Problem to solve
Copy each line of the listing below exactly and drop the images.

Task inputs

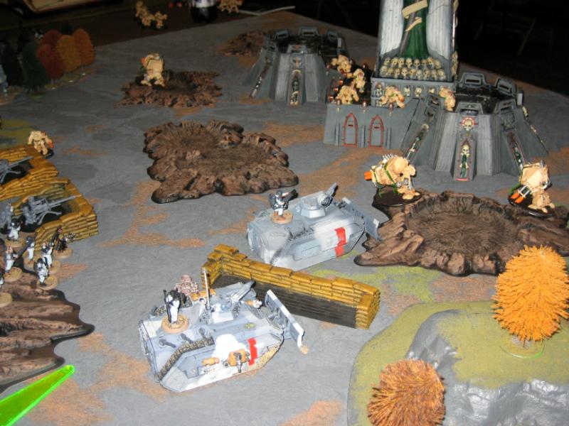 No reserves. The terminators move up on the command squad and infantry squad. I do some flaming and kill about 6 guardsmen. Both squads roll double 2's for their difficult terrain checks in the assault phase so I'm unable to link up the command squad and blob squad in the same combat. I kill off the command squad, but the two terminators only kill 2 guardsmen from the blob. I shoot a chimera with a mutli-melta and roll a 1 and a2, the lascannon shoots for a sentinnel, rolls a 2, the shooty terminator squad shoots into the side of the chimera and doesn't penetrate. The far multi-melta dreadnaught hit's and destroyers a sentinnel.
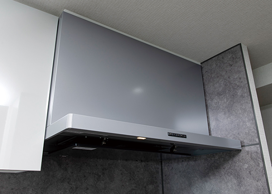 パワフルに煙や熱を吸引・排出するシロッコファン型のレンジフード。整流板はお手入れがスムーズな高品位ホーロー製です。
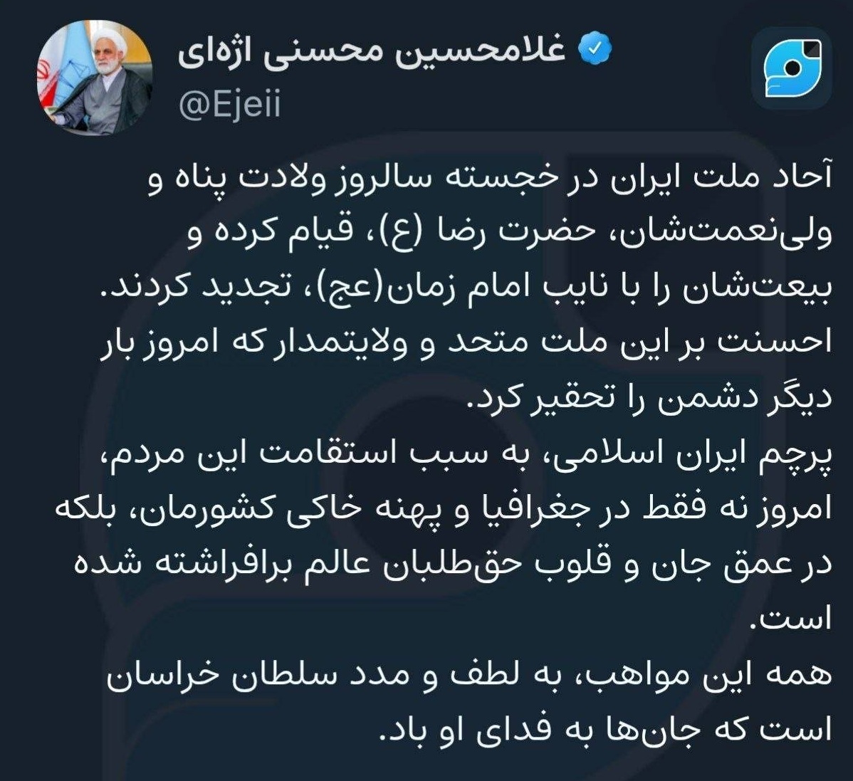 به گزارش خبرگزاری صدا و سیما، حجتالاسلام والمسلمین غلامحسین محسنی اژهای در ادامه این پیام آورده است: احسنت بر این ملت متحد و ولایتمدار که امروز بار دیگر دشمن را تحقیر کرد. پرچم ایران اسلامی به سبب استقامت این مردم، امروز نه فقط در جغرافیا و پهنه خاکی کشورمان، بلکه در عمق جان و قلوب حقطلبان عالم برافراشته شده است. همه این مواهب به لطف و مدد سلطان خراسان است که جانها به فدای او باد.
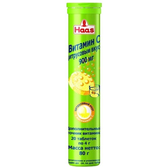 HAAS ШИПУЧИЕ ТАБЛЕТКИ ВИТАМИН С 900МГ С ЦИТРУСОВЫМ ВКУСОМ - Биологически активная добавка (БАД) к пище - дополнительный источник витамина С, E, B1, B2, B6, ниацина, пантотеновой кислоты, фолиевой кислоты, биотина, кальция.
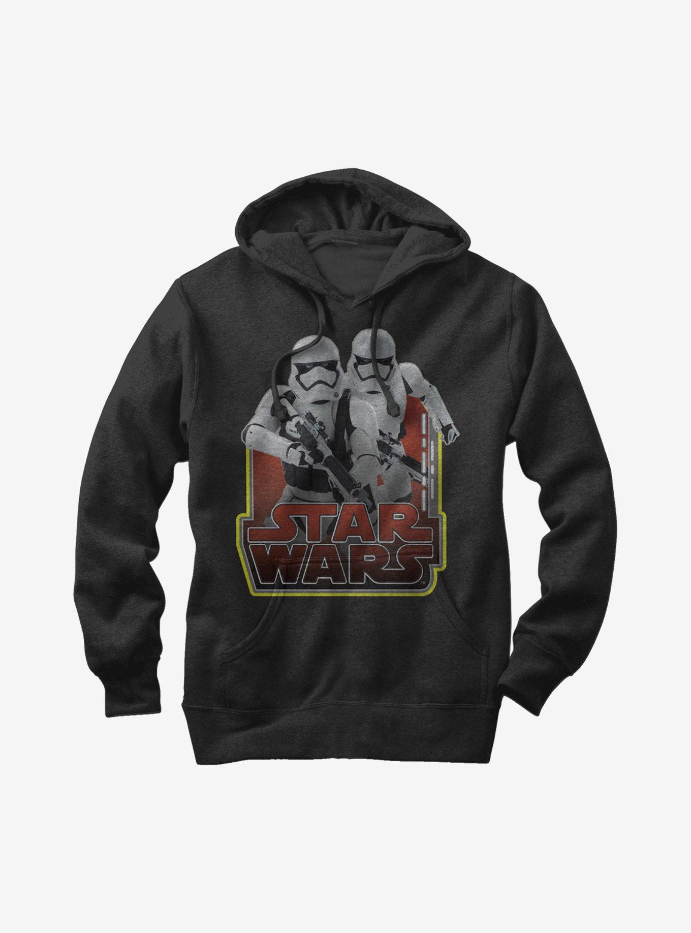 Join General Hux and try to stop the resistance with the Star Wars Episode VII: The Force Awakens First Order Stormtroopers Black Lightweight Hoodie. Two stormtroopers with blasters charge into battle above the Star Wars logo in a vintage-style print on the front of this black Star Wars sweatshirt. 80% Cotton, 20% Polyester.
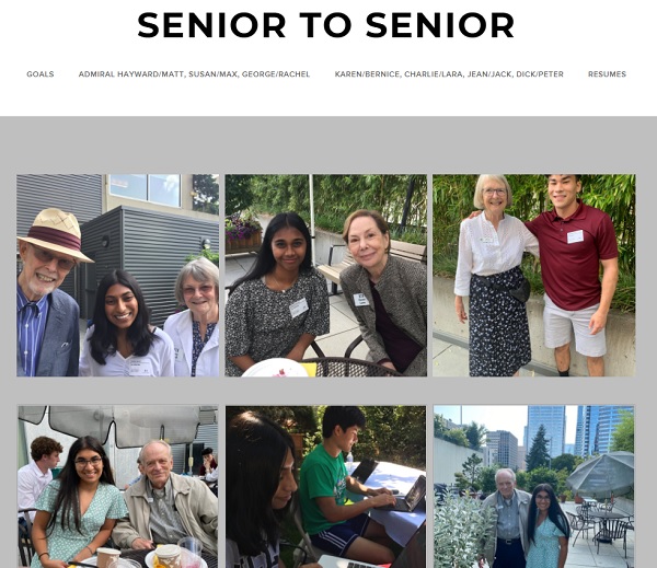 The seven students who imagined and implemented the program are high school seniors from the Tacoma area. The Horizon House resident participants (ranging in age from 75-97) are an accomplished group, including: a retired U.S. Navy admiral; a civil rights activist; two doctors, one a prominent surgeon and professor, the other a medical researcher; a retired research analyst and executive; a businesswoman and farmer; and a businessman with a career in high-tech manufacturing. Linda Purdy, Horizon House spiritual care director, matched the students and elders, driven by the students’ interests stated in statements written before the meetings.
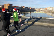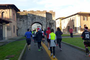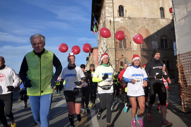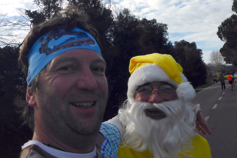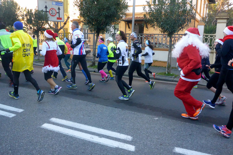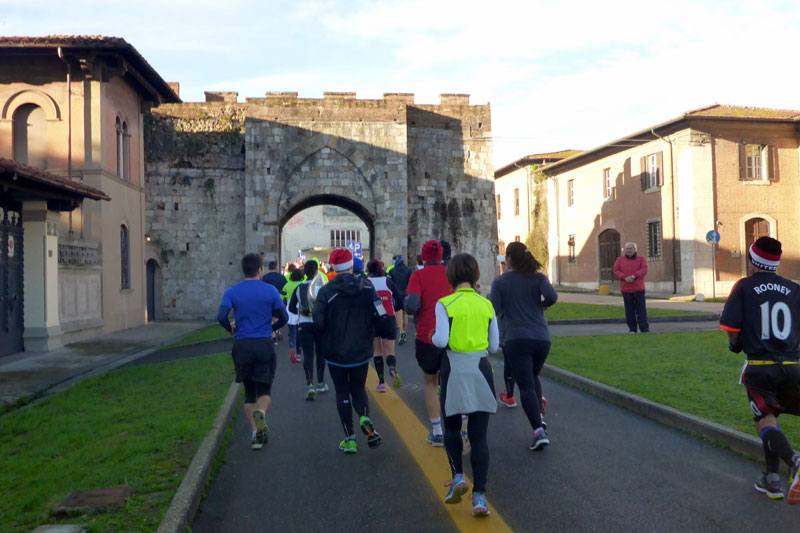 Durch die alte Stadtmauer gleich hinterhalb der Piazza dei Miracoli erreichten wir den Startbereich. Aus allen Richtungen strömten Läufer heran, viele von ihnen mit Nikolausmützen, manche sogar im kompletten Weihnachtsmann-Kostüm inclusive Rauschebart. Es waren nun noch etwa zwanzig Minuten bis zum Start und wir wollten uns in den Startbereich begeben. Das hieß aber auch, dass wir uns von unseren wärmenden Jacken trennen mussten, denn Silke hatte natürlich keinen Zutritt. Am Eingang wurden unsere Startnummern kontrolliert und somit war der Weg für uns frei, auch wenn diesen zwei quergestellte Militär-Jeeps erschwerten. In der Sonne ließ es sich dann doch ganz gut aushalten. Vor allem versprach die Sonne perfektes Laufwetter. Rund 10 Grad sollten es am Ende noch werden.
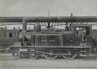 In 1899, the NCS bought a tank engine from the Sächsische Machinenfabrik in Chemnitz for use on the local railway lines.[1] Inspiration was taken from the 2.311 to 2.380 series of the French Compagnie des chemins de fer du Nord.[2] After the locomotive entered service and proven itself with the NCS, a follow-up order was placed for four more locomotives, which were put into service in 1901 as 42–45. No. 41 was delivered in the original green NCS livery, but Nos. 42-45 were painted in the new ocher yellow livery introduced in 1901 with olive green bands with white and red piping.[2] In 1901 all five locomotives 41-45 were sold to the Nederlandsche Buurtspoorweg-Maatschappij (NBM).
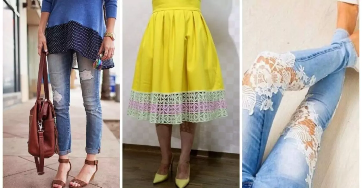 Сегодня в моде юбки или платья с имитацией удлиненного подола. Что ж, это модницам на руку. Можно найти в шкафу надоевшую вещь и при помощи удлинения превратить ее в новую. Например, можно использовать аппликации из прозрачного материала для подола юбок. Простейший способ: добавить ткань или же кружево по краю подола. Контрастные вставки с орнаментом. Таким образом, вы можете удлинить брюки, шорты, вшивая кружева или разные вставки по нижнему краю. Особенная трансформация деталей — вставки с орнаментом. Вставки здесь находятся в середине. Превращение джинсов в нечто оригинальное придется по вкусу дамам, которые предпочитают спортивный стиль. Для свитеров, кардиганов есть много возможностей. Наиболее распространенным является удлинение нижнего края изделия. Вы можете нарастить как низ, так и середину. Кружево можно заменить на контрастные непрозрачные материалы.
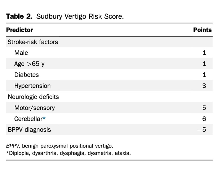 More recently, a clinical decision rule (CDR) called the Sudbury Vertigo Risk Score
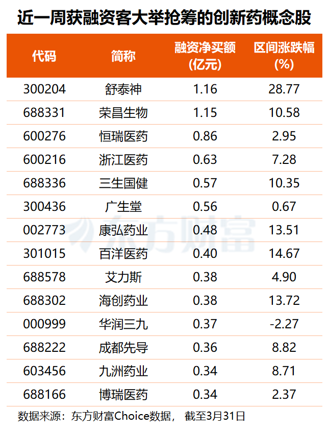 东方财富Choice数据显示,近一周多达59只创新药概念股获得融资净买入,舒泰神、荣昌生物均获杠杆资金加仓逾1.1亿元,恒瑞医药获融资客抢筹8558万元,浙江医药、三生国健、广生堂融资净买额均在5000万元以上。

Finished exercise
 No reserves. The terminators move up on the command squad and infantry squad. I do some flaming and kill about 6 guardsmen. Both squads roll double 2's for their difficult terrain checks in the assault phase so I'm unable to link up the command squad and blob squad in the same combat. I kill off the command squad, but the two terminators only kill 2 guardsmen from the blob. I shoot a chimera with a mutli-melta and roll a 1 and a2, the lascannon shoots for a sentinnel, rolls a 2, the shooty terminator squad shoots into the side of the chimera and doesn't penetrate. The far multi-melta dreadnaught hit's and destroyers a sentinnel.
 パワフルに煙や熱を吸引・排出するシロッコファン型のレンジフード。整流板はお手入れがスムーズな高品位ホーロー製です。
 به گزارش خبرگزاری صدا و سیما، حجتالاسلام والمسلمین غلامحسین محسنی اژهای در ادامه این پیام آورده است: احسنت بر این ملت متحد و ولایتمدار که امروز بار دیگر دشمن را تحقیر کرد. پرچم ایران اسلامی به سبب استقامت این مردم، امروز نه فقط در جغرافیا و پهنه خاکی کشورمان، بلکه در عمق جان و قلوب حقطلبان عالم برافراشته شده است. همه این مواهب به لطف و مدد سلطان خراسان است که جانها به فدای او باد.
 HAAS ШИПУЧИЕ ТАБЛЕТКИ ВИТАМИН С 900МГ С ЦИТРУСОВЫМ ВКУСОМ - Биологически активная добавка (БАД) к пище - дополнительный источник витамина С, E, B1, B2, B6, ниацина, пантотеновой кислоты, фолиевой кислоты, биотина, кальция.
 Join General Hux and try to stop the resistance with the Star Wars Episode VII: The Force Awakens First Order Stormtroopers Black Lightweight Hoodie. Two stormtroopers with blasters charge into battle above the Star Wars logo in a vintage-style print on the front of this black Star Wars sweatshirt. 80% Cotton, 20% Polyester.
 The seven students who imagined and implemented the program are high school seniors from the Tacoma area. The Horizon House resident participants (ranging in age from 75-97) are an accomplished group, including: a retired U.S. Navy admiral; a civil rights activist; two doctors, one a prominent surgeon and professor, the other a medical researcher; a retired research analyst and executive; a businesswoman and farmer; and a businessman with a career in high-tech manufacturing. Linda Purdy, Horizon House spiritual care director, matched the students and elders, driven by the students’ interests stated in statements written before the meetings.
 Durch die alte Stadtmauer gleich hinterhalb der Piazza dei Miracoli erreichten wir den Startbereich. Aus allen Richtungen strömten Läufer heran, viele von ihnen mit Nikolausmützen, manche sogar im kompletten Weihnachtsmann-Kostüm inclusive Rauschebart. Es waren nun noch etwa zwanzig Minuten bis zum Start und wir wollten uns in den Startbereich begeben. Das hieß aber auch, dass wir uns von unseren wärmenden Jacken trennen mussten, denn Silke hatte natürlich keinen Zutritt. Am Eingang wurden unsere Startnummern kontrolliert und somit war der Weg für uns frei, auch wenn diesen zwei quergestellte Militär-Jeeps erschwerten. In der Sonne ließ es sich dann doch ganz gut aushalten. Vor allem versprach die Sonne perfektes Laufwetter. Rund 10 Grad sollten es am Ende noch werden.
 In 1899, the NCS bought a tank engine from the Sächsische Machinenfabrik in Chemnitz for use on the local railway lines.[1] Inspiration was taken from the 2.311 to 2.380 series of the French Compagnie des chemins de fer du Nord.[2] After the locomotive entered service and proven itself with the NCS, a follow-up order was placed for four more locomotives, which were put into service in 1901 as 42–45. No. 41 was delivered in the original green NCS livery, but Nos. 42-45 were painted in the new ocher yellow livery introduced in 1901 with olive green bands with white and red piping.[2] In 1901 all five locomotives 41-45 were sold to the Nederlandsche Buurtspoorweg-Maatschappij (NBM).
 Сегодня в моде юбки или платья с имитацией удлиненного подола. Что ж, это модницам на руку. Можно найти в шкафу надоевшую вещь и при помощи удлинения превратить ее в новую. Например, можно использовать аппликации из прозрачного материала для подола юбок. Простейший способ: добавить ткань или же кружево по краю подола. Контрастные вставки с орнаментом. Таким образом, вы можете удлинить брюки, шорты, вшивая кружева или разные вставки по нижнему краю. Особенная трансформация деталей — вставки с орнаментом. Вставки здесь находятся в середине. Превращение джинсов в нечто оригинальное придется по вкусу дамам, которые предпочитают спортивный стиль. Для свитеров, кардиганов есть много возможностей. Наиболее распространенным является удлинение нижнего края изделия. Вы можете нарастить как низ, так и середину. Кружево можно заменить на контрастные непрозрачные материалы.
 More recently, a clinical decision rule (CDR) called the Sudbury Vertigo Risk Score
 东方财富Choice数据显示,近一周多达59只创新药概念股获得融资净买入,舒泰神、荣昌生物均获杠杆资金加仓逾1.1亿元,恒瑞医药获融资客抢筹8558万元,浙江医药、三生国健、广生堂融资净买额均在5000万元以上。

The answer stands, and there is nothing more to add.